### Records shown

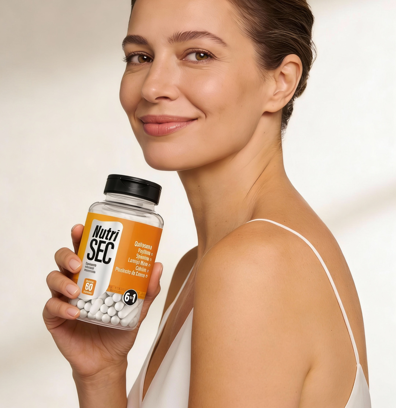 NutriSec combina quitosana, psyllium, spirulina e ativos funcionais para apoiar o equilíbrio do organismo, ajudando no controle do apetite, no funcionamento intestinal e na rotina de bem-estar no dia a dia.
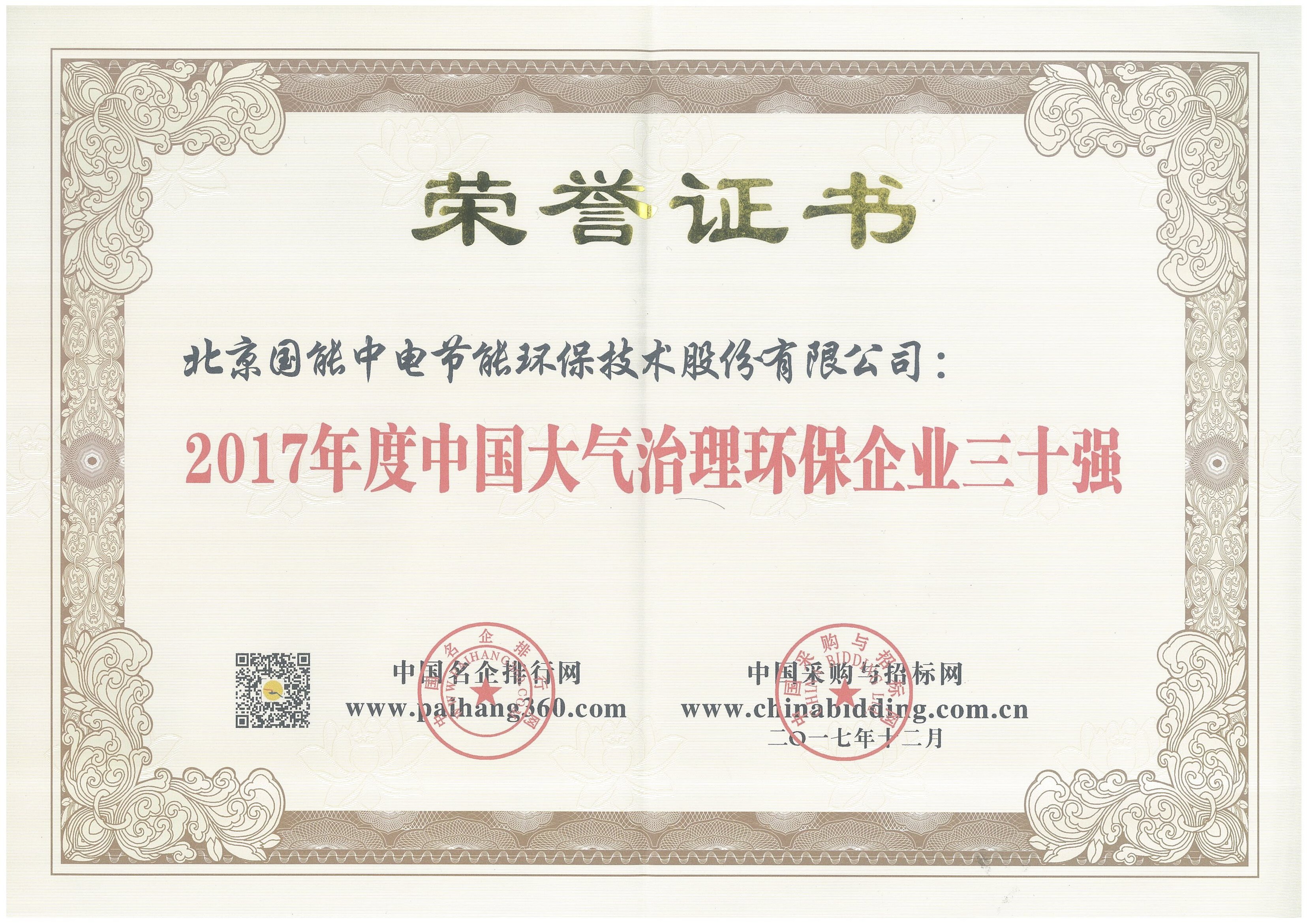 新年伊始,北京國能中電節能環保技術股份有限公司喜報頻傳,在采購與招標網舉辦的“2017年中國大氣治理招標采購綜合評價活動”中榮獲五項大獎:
...
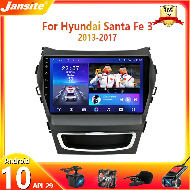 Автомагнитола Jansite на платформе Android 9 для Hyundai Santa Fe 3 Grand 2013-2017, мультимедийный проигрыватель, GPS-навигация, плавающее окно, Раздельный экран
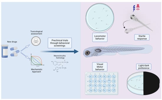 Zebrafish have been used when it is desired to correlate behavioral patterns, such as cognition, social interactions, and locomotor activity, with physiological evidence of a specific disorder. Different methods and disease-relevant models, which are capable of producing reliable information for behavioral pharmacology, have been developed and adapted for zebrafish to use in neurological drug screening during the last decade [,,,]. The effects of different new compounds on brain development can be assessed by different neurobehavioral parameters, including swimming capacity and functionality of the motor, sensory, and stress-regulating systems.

### Required work
Reproduce word for word, with pictures dropped, only the part of the material above that opens with the line containing "NutriSec combina quitosana, psyllium, spirulina" and closes with the line containing "新年伊始,北京國能中電節能環".

### Solution to the exercise
 NutriSec combina quitosana, psyllium, spirulina e ativos funcionais para apoiar o equilíbrio do organismo, ajudando no controle do apetite, no funcionamento intestinal e na rotina de bem-estar no dia a dia.
 新年伊始,北京國能中電節能環保技術股份有限公司喜報頻傳,在采購與招標網舉辦的“2017年中國大氣治理招標采購綜合評價活動”中榮獲五項大獎:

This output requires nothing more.